*INPUT MATERIAL:*
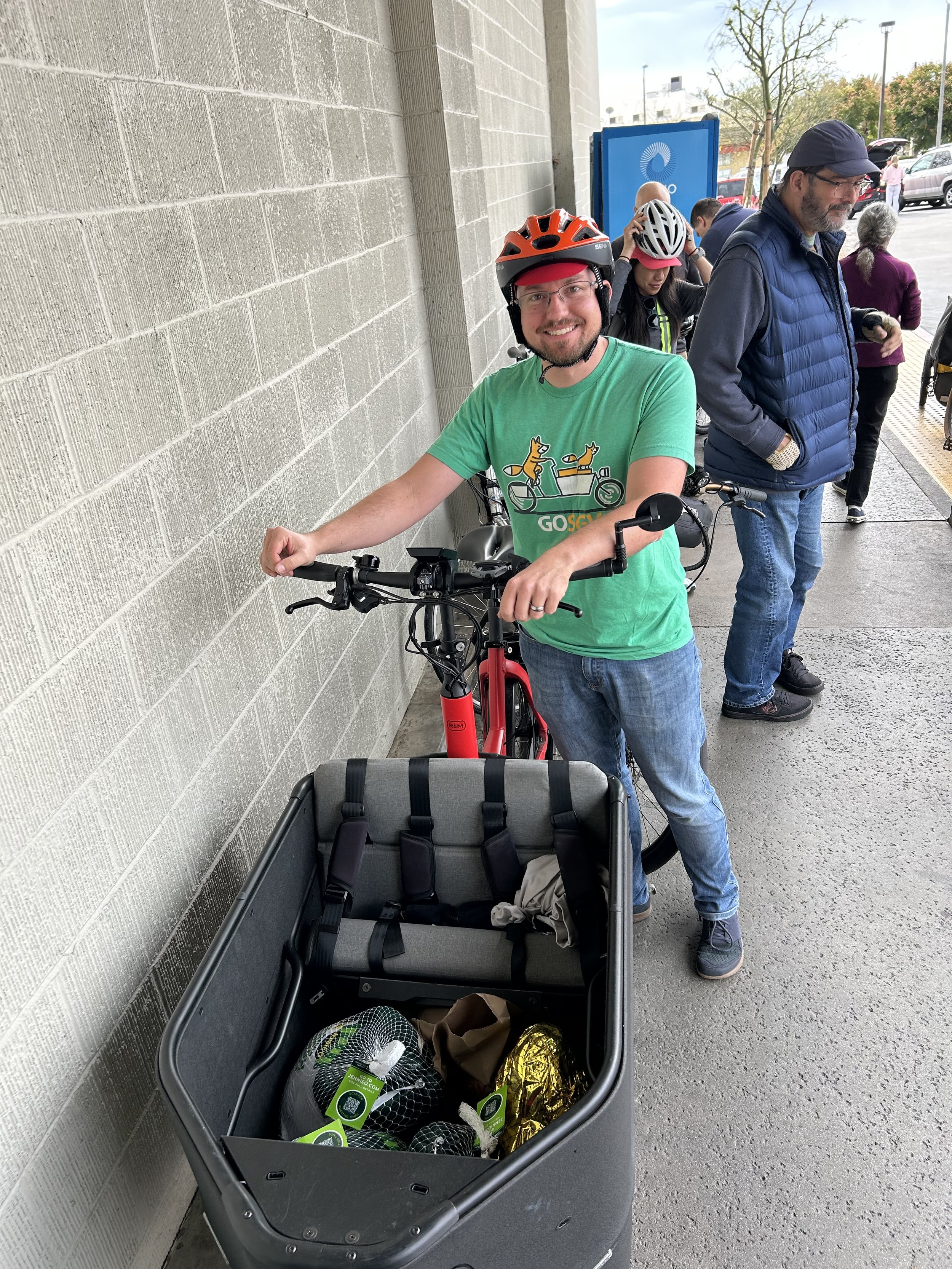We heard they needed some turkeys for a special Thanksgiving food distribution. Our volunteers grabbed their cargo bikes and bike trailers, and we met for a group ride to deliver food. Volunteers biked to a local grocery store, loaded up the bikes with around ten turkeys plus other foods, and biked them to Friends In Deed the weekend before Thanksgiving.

...

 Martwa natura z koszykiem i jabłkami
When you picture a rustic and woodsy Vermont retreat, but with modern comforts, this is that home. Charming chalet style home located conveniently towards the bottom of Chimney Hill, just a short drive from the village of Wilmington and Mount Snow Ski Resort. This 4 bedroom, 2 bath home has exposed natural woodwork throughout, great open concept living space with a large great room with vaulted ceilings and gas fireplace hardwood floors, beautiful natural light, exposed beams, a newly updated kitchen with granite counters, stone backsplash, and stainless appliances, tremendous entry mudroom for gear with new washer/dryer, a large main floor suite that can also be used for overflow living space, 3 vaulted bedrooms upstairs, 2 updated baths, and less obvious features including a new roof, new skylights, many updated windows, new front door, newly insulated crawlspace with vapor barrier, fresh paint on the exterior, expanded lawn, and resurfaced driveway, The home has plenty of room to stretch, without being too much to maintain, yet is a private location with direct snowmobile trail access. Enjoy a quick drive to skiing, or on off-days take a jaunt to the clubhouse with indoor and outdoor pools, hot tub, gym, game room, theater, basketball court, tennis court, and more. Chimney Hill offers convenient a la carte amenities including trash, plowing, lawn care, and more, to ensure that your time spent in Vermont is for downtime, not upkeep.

--

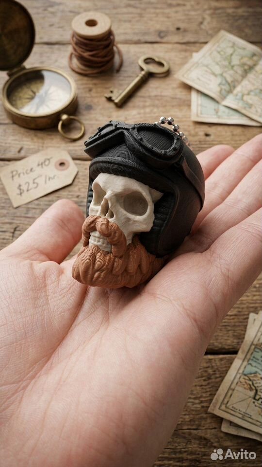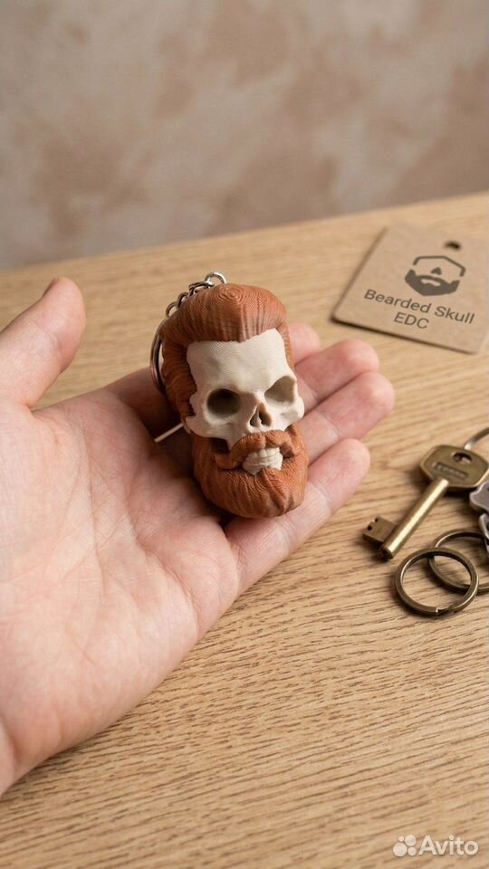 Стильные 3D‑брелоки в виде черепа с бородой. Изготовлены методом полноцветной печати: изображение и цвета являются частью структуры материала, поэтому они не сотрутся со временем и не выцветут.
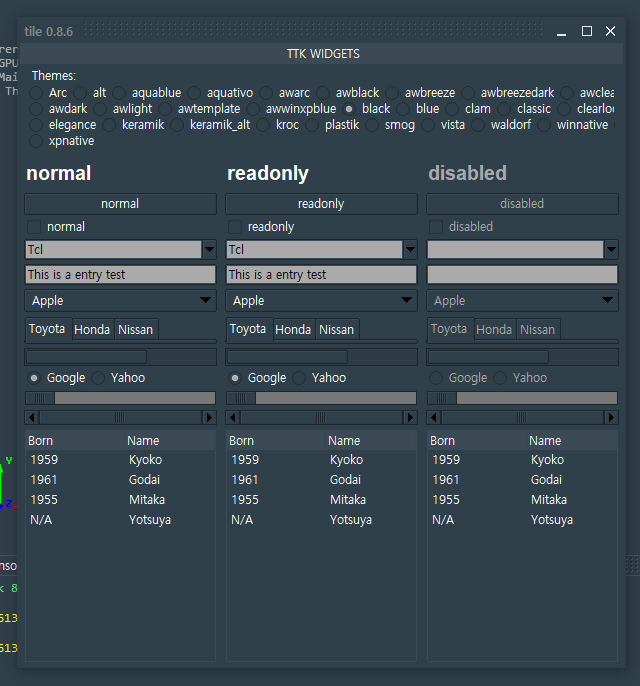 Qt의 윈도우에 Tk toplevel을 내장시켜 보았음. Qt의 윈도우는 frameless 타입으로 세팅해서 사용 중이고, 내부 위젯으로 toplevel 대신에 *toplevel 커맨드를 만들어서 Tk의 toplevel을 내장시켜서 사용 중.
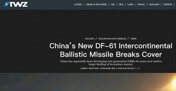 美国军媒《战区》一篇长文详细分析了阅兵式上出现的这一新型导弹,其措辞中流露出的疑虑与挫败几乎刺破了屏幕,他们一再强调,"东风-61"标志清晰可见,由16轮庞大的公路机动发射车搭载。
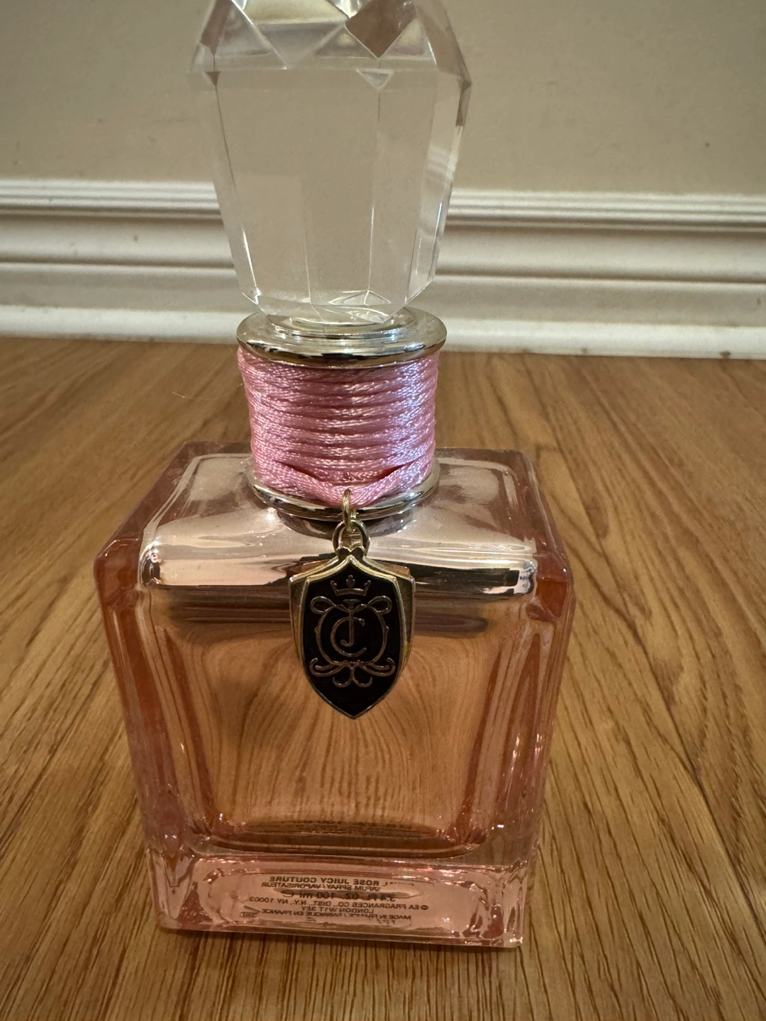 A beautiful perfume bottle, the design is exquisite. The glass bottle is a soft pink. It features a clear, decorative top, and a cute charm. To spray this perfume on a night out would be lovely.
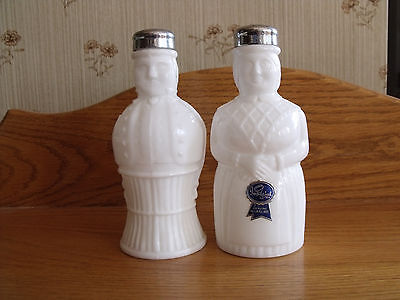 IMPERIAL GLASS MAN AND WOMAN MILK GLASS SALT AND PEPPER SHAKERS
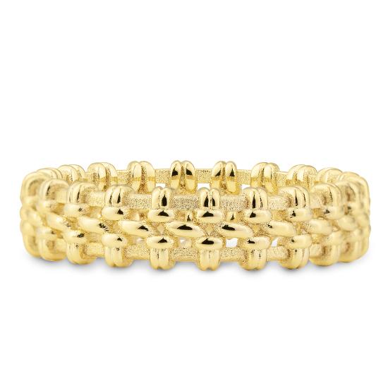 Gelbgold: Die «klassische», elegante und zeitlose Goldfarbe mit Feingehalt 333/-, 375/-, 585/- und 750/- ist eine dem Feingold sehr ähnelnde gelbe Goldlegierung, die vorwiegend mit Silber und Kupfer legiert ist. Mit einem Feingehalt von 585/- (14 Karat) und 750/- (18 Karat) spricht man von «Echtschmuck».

*WORK ORDER:* If a picture sits between the line containing "Qt의 윈도우에 Tk" and the line containing "elegante und zeitlose", leave it out, and return the lines of that range above exactly, both ends included.

*ANSWER TO THIS EXERCISE:*
 Qt의 윈도우에 Tk toplevel을 내장시켜 보았음. Qt의 윈도우는 frameless 타입으로 세팅해서 사용 중이고, 내부 위젯으로 toplevel 대신에 *toplevel 커맨드를 만들어서 Tk의 toplevel을 내장시켜서 사용 중.
 美国军媒《战区》一篇长文详细分析了阅兵式上出现的这一新型导弹,其措辞中流露出的疑虑与挫败几乎刺破了屏幕,他们一再强调,"东风-61"标志清晰可见,由16轮庞大的公路机动发射车搭载。
 A beautiful perfume bottle, the design is exquisite. The glass bottle is a soft pink. It features a clear, decorative top, and a cute charm. To spray this perfume on a night out would be lovely.
 IMPERIAL GLASS MAN AND WOMAN MILK GLASS SALT AND PEPPER SHAKERS
 Gelbgold: Die «klassische», elegante und zeitlose Goldfarbe mit Feingehalt 333/-, 375/-, 585/- und 750/- ist eine dem Feingold sehr ähnelnde gelbe Goldlegierung, die vorwiegend mit Silber und Kupfer legiert ist. Mit einem Feingehalt von 585/- (14 Karat) und 750/- (18 Karat) spricht man von «Echtschmuck».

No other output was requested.